Clarksburg Intentions Vary From Its Reality

Planning Procedures Under Investigation

By Tim Craig
Washington Post Staff Writer
Sunday, July 3, 2005; Page C05

Clarksburg was Montgomery County's model of the 21st-century suburb.

"The final frontier" is how the county's 1994 master plan described it: a series of quaint subdivisions built around a pedestrian-friendly town center with specialty shops, cafes, trails and a grocery store.


New residences rise next to an old church in the Chapel Point section of the community of Clarksburg, which was planned to include a series of subdivisions surrounding a pedestrian-friendly town center.
New residences rise next to an old church in the Chapel Point section of the community of Clarksburg, which was planned to include a series of subdivisions surrounding a pedestrian-friendly town center. (By Dennis Drenner For The Washington Post)

People bought in. Home buyers, drawn by low interest rates available to buyers at the time and relatively moderate prices, flocked to the tiny northern Montgomery community, where horses and livestock outnumbered residents as recently as 10 years ago.

"We were buying into a lifestyle and an ideal," said Lynn Fantle, who in 2002 purchased a $400,000 house in Clarksburg Town Center.

But the road to the reinvented suburb has gotten bumpy. There are numerous signs that Montgomery officials were ill-prepared to oversee the pace and scope of change in Clarksburg, where the population has nearly tripled to 5,500 in the past five years. In 20 years, it is expected to reach more than 40,000.

Last week, the county acknowledged that hundreds of homes in the new Clarksburg Town Center were built in apparent violation of height and setback requirements. There is also evidence that a planning staff member improperly altered a site plan to show that developers were complying with the regulations.

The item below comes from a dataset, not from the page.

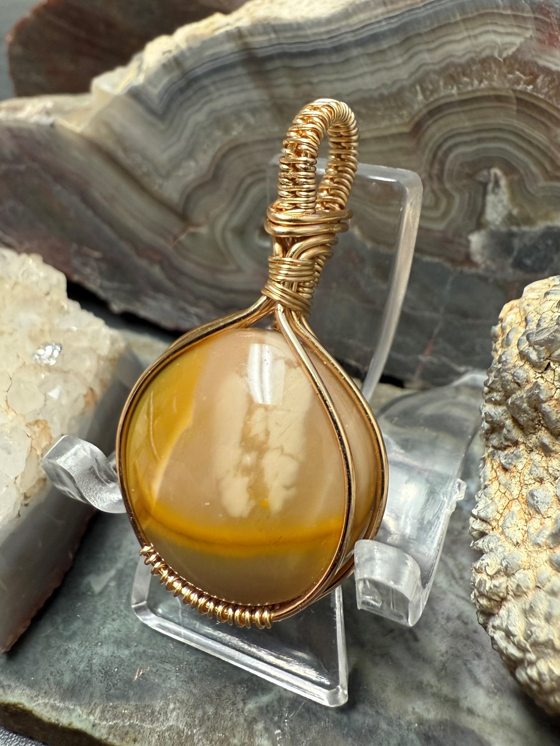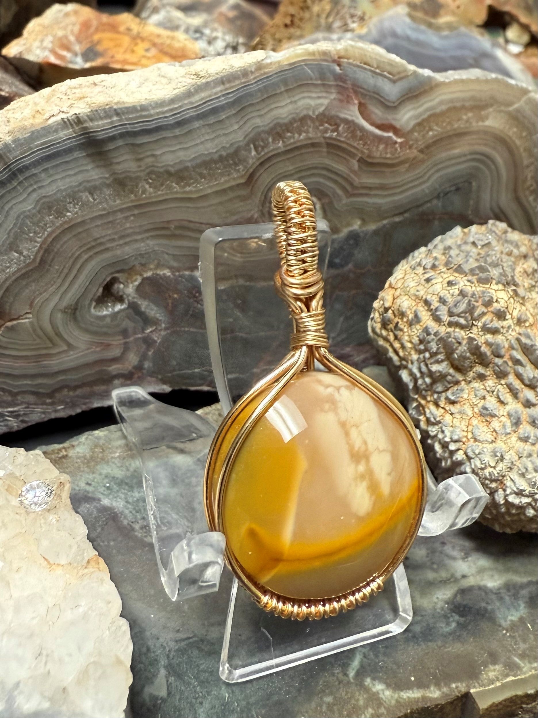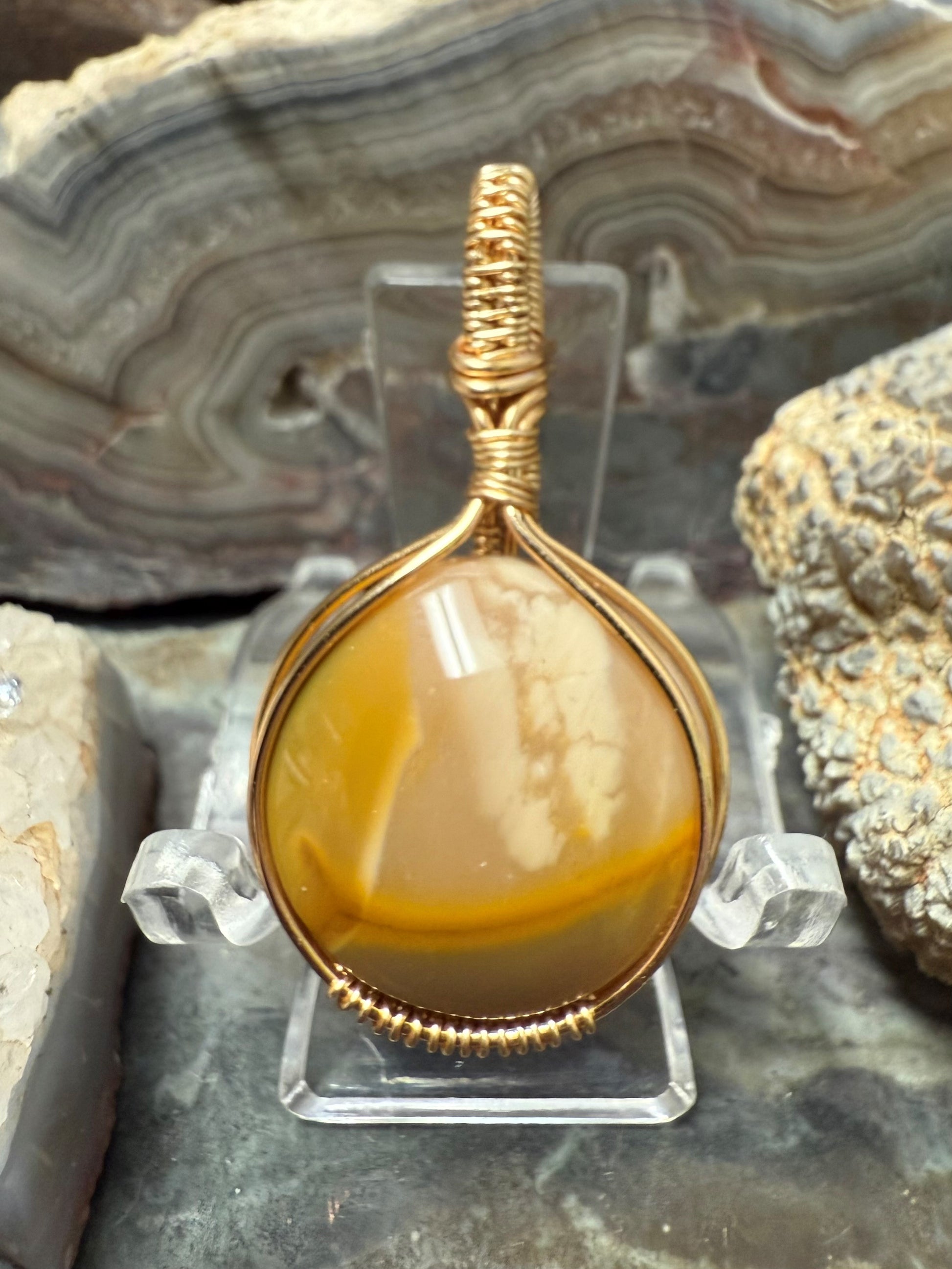 Hand shaped and polished, natural and beautiful, Australian Mookaite necklace. This pendant is wrapped with a gold-colored copper wire that is designed and coated to resist rapid oxidation.

Officials announced that an outside investigator will be hired to review the county's procedures for approving subdivision plans.A planning department report recommends the developer and builders be fined about $1.2 million. Residents want a much stiffer penalty.

There are other problems. Roads are crowded, and some of the planned walkways have been turned into streets. Officials said the developer has allowed new owners to move in without occupancy permits from the county. Residents said units priced for low- and middle-income buyers, which developers are required to include, have been concentrated in one area, which would violate county regulations.

Montgomery's Fire & Rescue Service has warned for months that a tragedy is waiting to happen in Clarksburg because the fire station serving the town is too far away.

Last week, it took firefighters nearly 14 minutes, twice the acceptable standard, to respond to a family that had suffered carbon monoxide poisoning, according to County Council member Michael Knapp (D-Upcounty).

Residents said they are waiting for the amenities they were promised -- the retail, the cafes, the upscale grocery shopping. They charged that the developer, Newland Communities of San Diego, is trying to build a conventional suburban strip mall with a Giant supermarket.

"It says in the master plan these shops should be places of distinction where people can congregate," said Carol Smith, who bought a townhouse in 2003. "Who wants to go get groceries in the Giant and then sit on the sidewalk and talk to neighbors?"